Pengunjung Kebun Binatang Kampar Naik 75 Persen

Pekanbaru, 19/9 (ANTARA) - Pengunjung Kebun Binatang Kasang Kulim di Kabupaten Kampar, Provinsi Riau, naik sekitar 75 persen selama seminggu terakhir libur Idul Fitri 1431 H, dengan jumlah pengunjung diperkirakan mencapai puluhan ribu orang setiap hari.
"Jumlah pengunjung meningkat selama seminggu libur Lebaran hingga 75 persen dibandingkan tahun lalu," kata Pengelola Kebun Binatang Kasang Kulim, Agustina, Minggu.
Menurut dia, jumlah pengunjung rata-rata mencapai 30 ribu orang terhitung mulai hari pertama libur Lebaran hingga H+7.
Para pengunjung rata-rata adalah keluarga yang berasal dari Pekanbaru dan Kabupaten Kampar. Setiap pengunjung dewasa dikenai tarif masuk Rp13 ribu per orang, sedangkan anak-anak Rp6 ribu per orang.
Ia mengatakan keuntungan pada libur Lebaran diyakini mampu menutupi operasional kebun binatang hingga tujuh bulan ke depan. Biaya perawatan puluhan satwa di kebun binatang, lanjutnya, menghabiskan dana sekitar Rp25 juta per bulan.
"Keuntungan pada libur Lebaran ini bisa menutupi biaya operasional tujuh bulan kedepan," katanya.
Ia mengatakan, pihak kebun binatang menambah sejumlah wahana permainan ketangkasan untuk menarik pengunjung, seperti arena motor cross, perang "paintball", dan "outbound".
Taman Marga Satwa terletak di Kecamatan Siak Hulu, Kabupaten Kampar, sekitar 20 kilometer dari Kota Pekanbaru. Kebun binatang yang memiliki luas lahan sekitar 17 hektare tersebut mengoleksi 33 jenis satwa yang didatangkan dari berbagai daerah di Indonesia dan mancanegara, seperti Orang Utan dari Kalimantan, beruang madu, kangguru, dan burung enggang, serta kangguru dari Australia.
Selain itu, kebun binatang itu juga mengoleksi satwa langka dari Riau seperti gajah sumatera dan harimau sumatera.

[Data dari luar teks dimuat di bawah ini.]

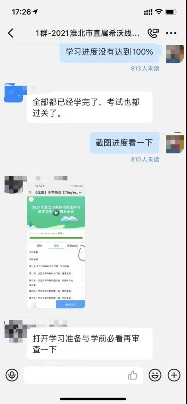 基于淮北市教師信息化水平不均的問題,希沃公司積極進(jìn)行線上課程開發(fā),為淮北市教師設(shè)定了專屬課程內(nèi)容,全面覆蓋初級(jí)、中級(jí)、高級(jí)各個(gè)階段,每階段后都有單元小測試,旨在保證教師學(xué)習(xí)后的效果并落地執(zhí)行應(yīng)用。希沃工作人員建立了12個(gè)區(qū)域性線上交流群全程陪伴督學(xué),便于及時(shí)答疑提高教師學(xué)習(xí)積極性。隨后,越來越多的老師們給我們分享獲得結(jié)業(yè)證書的喜悅。

Seorang pengunjung dari Pekanbaru, Duriyat, mengatakan tertarik mengajak keluarganya ke Kebun Binatang Kasang Kulim karena biayanya terjangkau dan memiliki koleksi satwa yang menarik.
"Anak-anak saya suka melihat kangguru karena hewan berkantong itu tidak ada di Indonesia," ujarnya.